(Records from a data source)
- - -

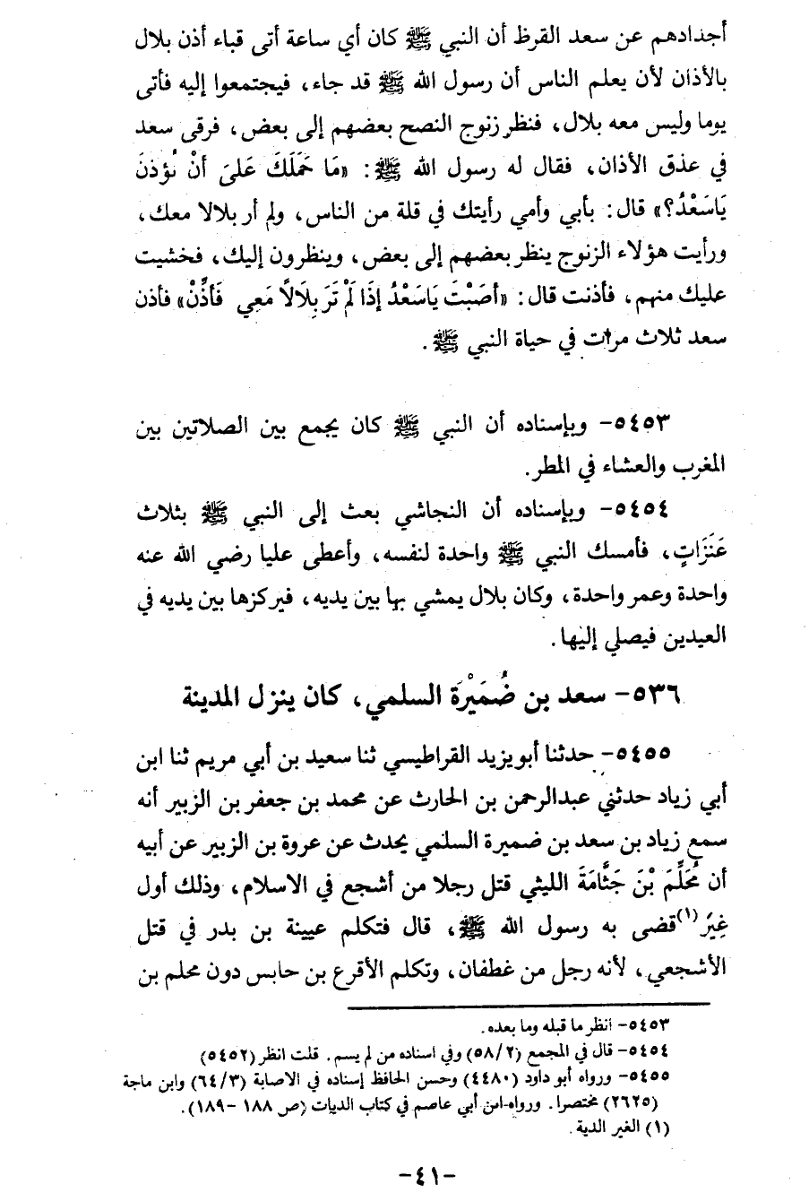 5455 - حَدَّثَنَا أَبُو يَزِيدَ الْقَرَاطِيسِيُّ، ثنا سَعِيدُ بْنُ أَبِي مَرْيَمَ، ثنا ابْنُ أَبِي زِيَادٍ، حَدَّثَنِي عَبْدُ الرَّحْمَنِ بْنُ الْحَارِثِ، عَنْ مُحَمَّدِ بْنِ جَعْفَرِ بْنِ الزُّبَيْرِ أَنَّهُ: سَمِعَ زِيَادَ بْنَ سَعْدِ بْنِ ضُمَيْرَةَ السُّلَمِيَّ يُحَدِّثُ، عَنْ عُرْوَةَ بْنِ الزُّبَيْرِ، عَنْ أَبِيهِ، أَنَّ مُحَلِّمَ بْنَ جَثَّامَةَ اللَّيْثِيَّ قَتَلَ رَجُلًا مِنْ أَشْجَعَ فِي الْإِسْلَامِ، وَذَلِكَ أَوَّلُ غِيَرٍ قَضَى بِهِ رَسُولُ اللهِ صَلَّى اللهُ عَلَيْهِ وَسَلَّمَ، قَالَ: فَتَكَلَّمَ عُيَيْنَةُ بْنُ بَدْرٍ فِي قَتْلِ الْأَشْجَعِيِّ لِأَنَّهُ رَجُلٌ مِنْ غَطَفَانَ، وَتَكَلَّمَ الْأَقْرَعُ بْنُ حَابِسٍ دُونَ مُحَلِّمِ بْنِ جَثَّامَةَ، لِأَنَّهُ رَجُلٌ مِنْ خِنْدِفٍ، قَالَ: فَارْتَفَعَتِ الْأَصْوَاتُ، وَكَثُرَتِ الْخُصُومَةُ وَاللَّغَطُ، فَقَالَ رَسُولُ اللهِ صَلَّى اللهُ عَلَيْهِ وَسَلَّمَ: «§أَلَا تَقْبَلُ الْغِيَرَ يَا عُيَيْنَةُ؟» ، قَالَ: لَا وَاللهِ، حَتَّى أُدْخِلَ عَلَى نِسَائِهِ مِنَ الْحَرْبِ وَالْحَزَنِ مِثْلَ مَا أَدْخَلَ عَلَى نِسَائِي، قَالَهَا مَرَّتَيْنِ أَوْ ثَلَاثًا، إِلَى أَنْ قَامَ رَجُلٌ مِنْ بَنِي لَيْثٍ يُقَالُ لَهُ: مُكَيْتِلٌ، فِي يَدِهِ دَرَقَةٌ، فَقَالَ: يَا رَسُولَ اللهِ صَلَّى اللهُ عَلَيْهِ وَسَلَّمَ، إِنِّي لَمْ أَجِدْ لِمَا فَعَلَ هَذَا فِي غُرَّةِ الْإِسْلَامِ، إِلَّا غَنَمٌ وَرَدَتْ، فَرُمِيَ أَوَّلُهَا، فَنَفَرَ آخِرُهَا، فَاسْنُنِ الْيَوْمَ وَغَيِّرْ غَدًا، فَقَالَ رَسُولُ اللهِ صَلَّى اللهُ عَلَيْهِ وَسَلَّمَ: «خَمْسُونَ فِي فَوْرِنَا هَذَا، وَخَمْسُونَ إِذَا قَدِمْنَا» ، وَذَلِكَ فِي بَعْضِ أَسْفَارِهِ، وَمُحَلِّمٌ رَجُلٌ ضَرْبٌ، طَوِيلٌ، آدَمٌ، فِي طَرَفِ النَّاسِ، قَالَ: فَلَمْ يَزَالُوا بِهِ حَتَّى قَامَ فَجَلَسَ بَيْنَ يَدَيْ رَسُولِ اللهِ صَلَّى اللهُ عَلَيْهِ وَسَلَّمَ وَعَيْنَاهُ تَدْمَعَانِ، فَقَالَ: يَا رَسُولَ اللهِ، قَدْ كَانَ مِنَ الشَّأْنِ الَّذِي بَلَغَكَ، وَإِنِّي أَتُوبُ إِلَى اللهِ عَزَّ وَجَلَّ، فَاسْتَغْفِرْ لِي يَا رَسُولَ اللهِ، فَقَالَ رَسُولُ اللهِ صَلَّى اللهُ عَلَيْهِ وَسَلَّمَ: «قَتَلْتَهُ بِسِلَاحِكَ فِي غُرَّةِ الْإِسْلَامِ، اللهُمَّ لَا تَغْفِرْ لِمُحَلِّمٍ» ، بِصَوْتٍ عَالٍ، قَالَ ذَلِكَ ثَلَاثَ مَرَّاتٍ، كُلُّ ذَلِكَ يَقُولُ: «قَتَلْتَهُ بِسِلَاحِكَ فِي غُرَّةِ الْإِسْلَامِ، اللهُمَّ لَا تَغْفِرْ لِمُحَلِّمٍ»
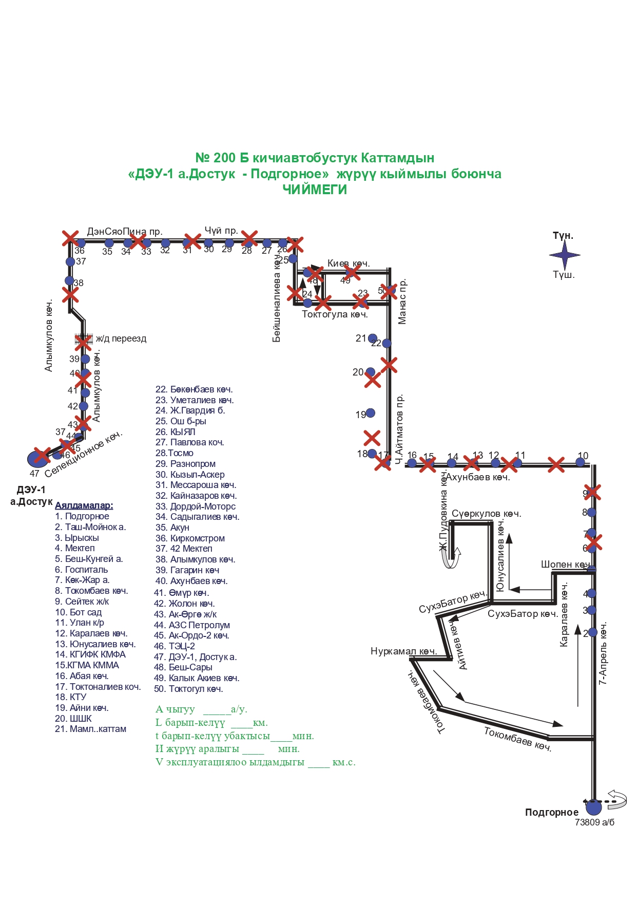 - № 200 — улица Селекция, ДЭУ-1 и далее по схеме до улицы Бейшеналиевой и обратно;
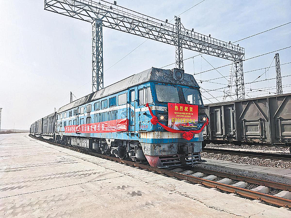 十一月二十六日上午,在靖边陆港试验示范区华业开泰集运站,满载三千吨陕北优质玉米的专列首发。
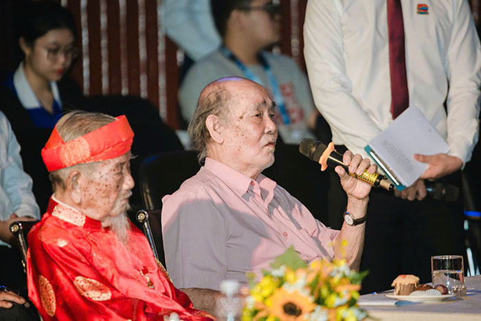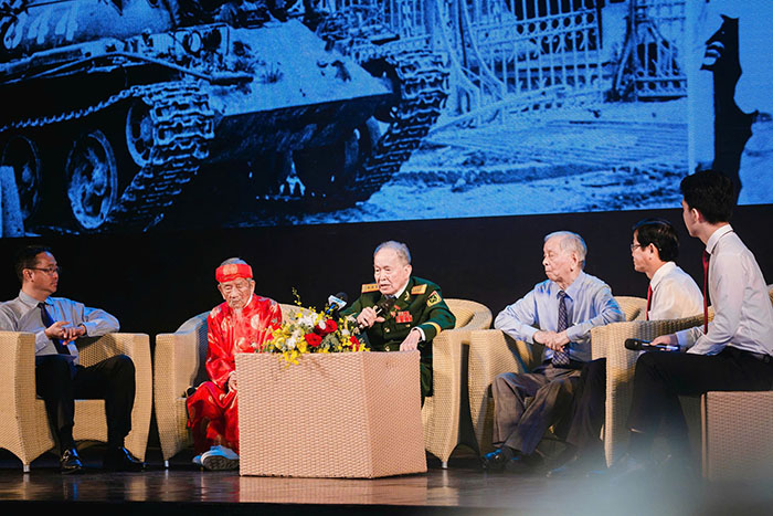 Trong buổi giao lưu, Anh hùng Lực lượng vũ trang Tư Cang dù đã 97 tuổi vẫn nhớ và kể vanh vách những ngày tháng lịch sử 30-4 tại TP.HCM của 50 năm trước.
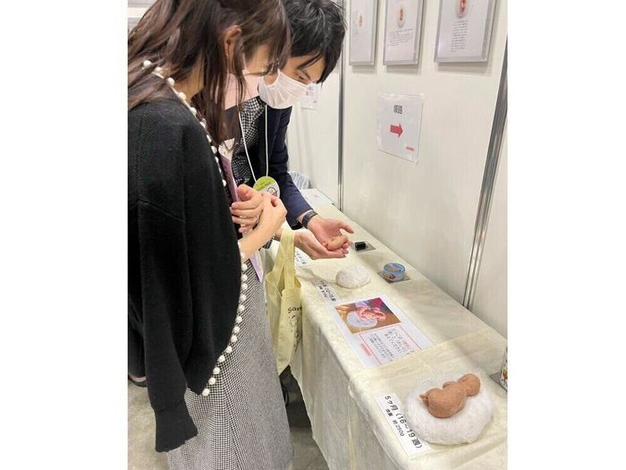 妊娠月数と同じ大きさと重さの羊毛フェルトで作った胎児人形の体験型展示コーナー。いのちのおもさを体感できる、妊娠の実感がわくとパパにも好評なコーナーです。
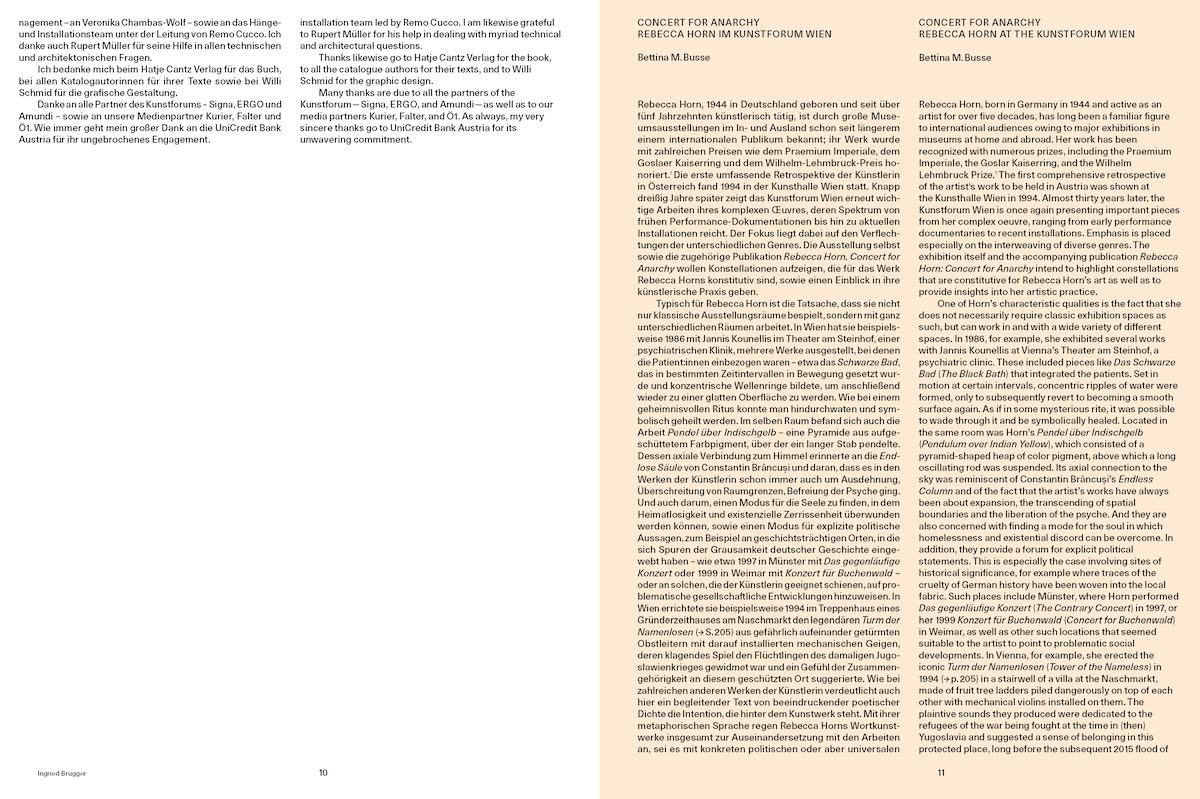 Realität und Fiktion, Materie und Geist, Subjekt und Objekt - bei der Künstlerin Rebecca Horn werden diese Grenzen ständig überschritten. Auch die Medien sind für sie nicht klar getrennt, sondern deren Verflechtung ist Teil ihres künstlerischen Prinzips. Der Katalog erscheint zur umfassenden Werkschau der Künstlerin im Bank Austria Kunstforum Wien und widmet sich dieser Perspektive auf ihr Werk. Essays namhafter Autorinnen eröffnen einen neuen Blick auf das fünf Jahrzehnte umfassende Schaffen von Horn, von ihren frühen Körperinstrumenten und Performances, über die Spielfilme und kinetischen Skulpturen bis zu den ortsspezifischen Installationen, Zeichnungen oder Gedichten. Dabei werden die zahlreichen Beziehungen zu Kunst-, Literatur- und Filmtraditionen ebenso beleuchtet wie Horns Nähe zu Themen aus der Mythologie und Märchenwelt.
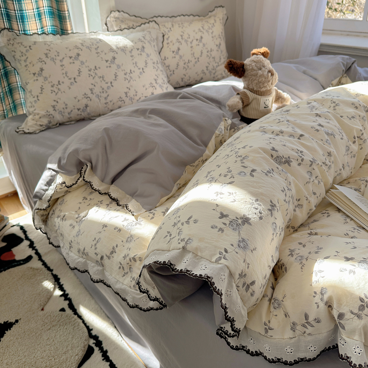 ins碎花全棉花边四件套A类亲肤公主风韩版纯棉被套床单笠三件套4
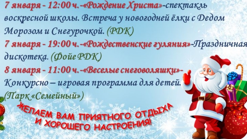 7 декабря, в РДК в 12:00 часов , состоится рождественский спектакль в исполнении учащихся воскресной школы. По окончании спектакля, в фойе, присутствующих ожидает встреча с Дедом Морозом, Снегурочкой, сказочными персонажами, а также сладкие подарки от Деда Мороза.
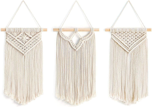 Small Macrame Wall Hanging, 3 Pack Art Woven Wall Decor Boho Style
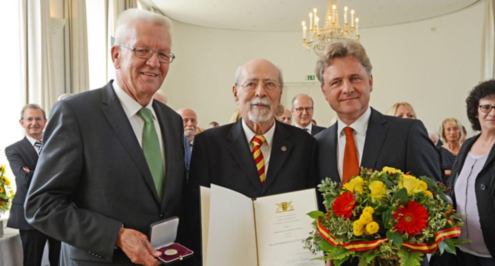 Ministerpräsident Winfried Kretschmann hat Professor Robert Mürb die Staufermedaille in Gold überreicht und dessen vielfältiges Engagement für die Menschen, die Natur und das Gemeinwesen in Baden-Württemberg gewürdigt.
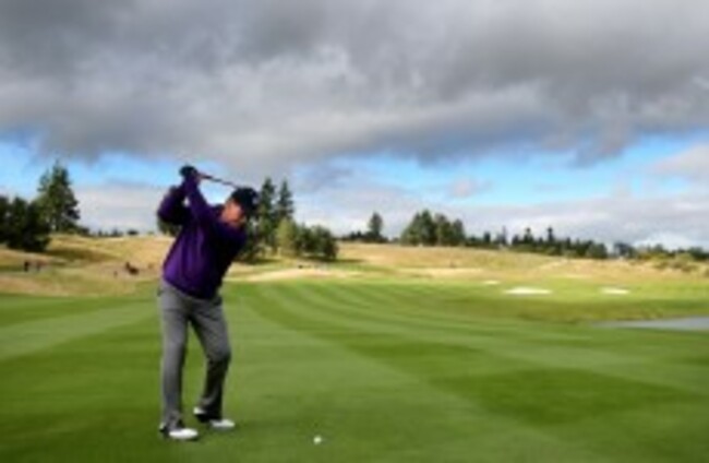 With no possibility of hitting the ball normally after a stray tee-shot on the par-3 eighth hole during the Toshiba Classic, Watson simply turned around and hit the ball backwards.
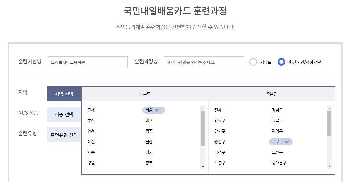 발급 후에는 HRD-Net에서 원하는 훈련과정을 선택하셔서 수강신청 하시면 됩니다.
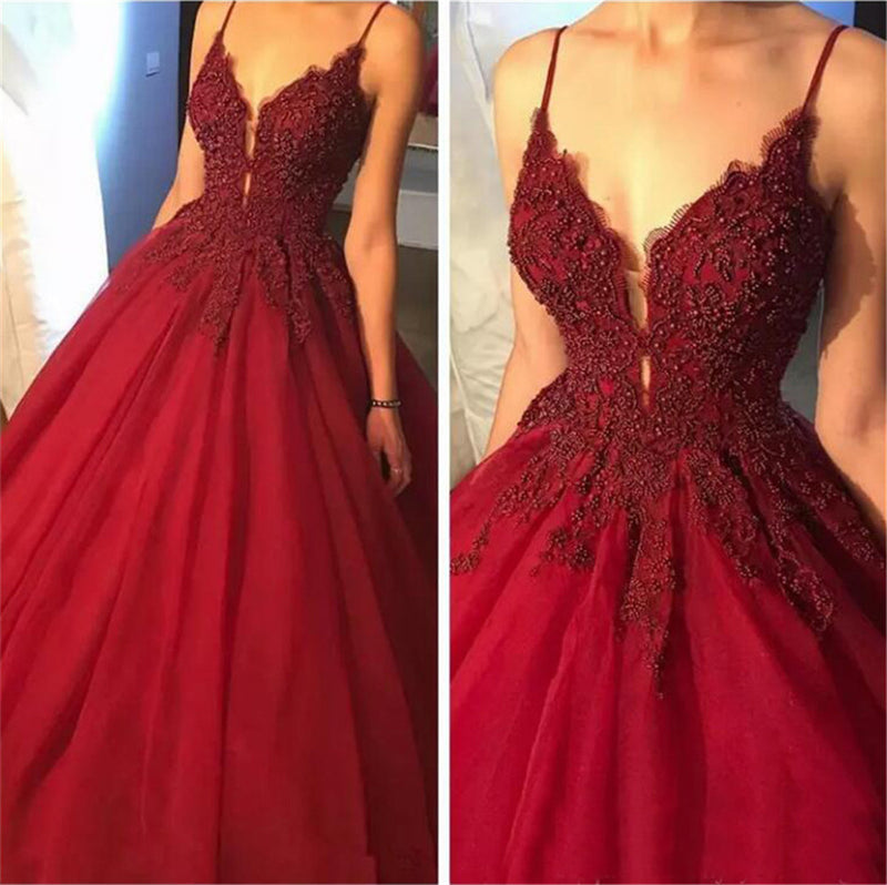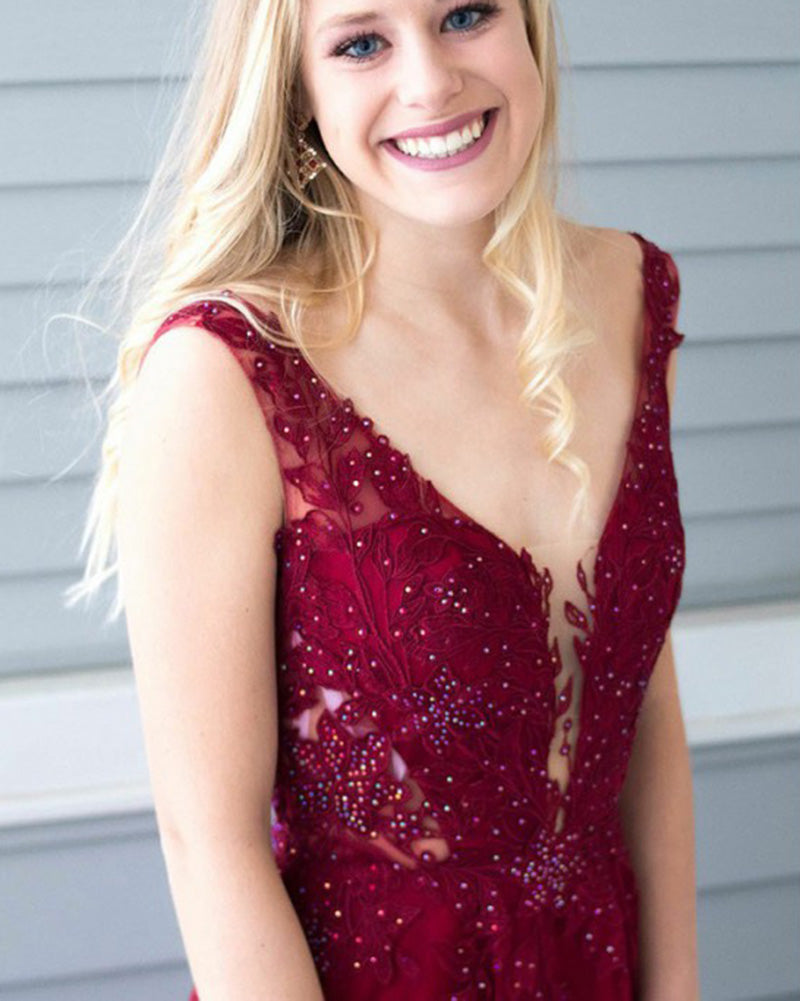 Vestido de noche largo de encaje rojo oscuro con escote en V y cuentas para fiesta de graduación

- - -

_PROBLEM STATEMENT_
Retype the lines starting with the one that holds "Ministerpräsident Winfried Kretschmann" and ending with the last line of the data above, both included; skip the pictures.

_RESULT_
 Ministerpräsident Winfried Kretschmann hat Professor Robert Mürb die Staufermedaille in Gold überreicht und dessen vielfältiges Engagement für die Menschen, die Natur und das Gemeinwesen in Baden-Württemberg gewürdigt.
 With no possibility of hitting the ball normally after a stray tee-shot on the par-3 eighth hole during the Toshiba Classic, Watson simply turned around and hit the ball backwards.
 발급 후에는 HRD-Net에서 원하는 훈련과정을 선택하셔서 수강신청 하시면 됩니다.
 Vestido de noche largo de encaje rojo oscuro con escote en V y cuentas para fiesta de graduación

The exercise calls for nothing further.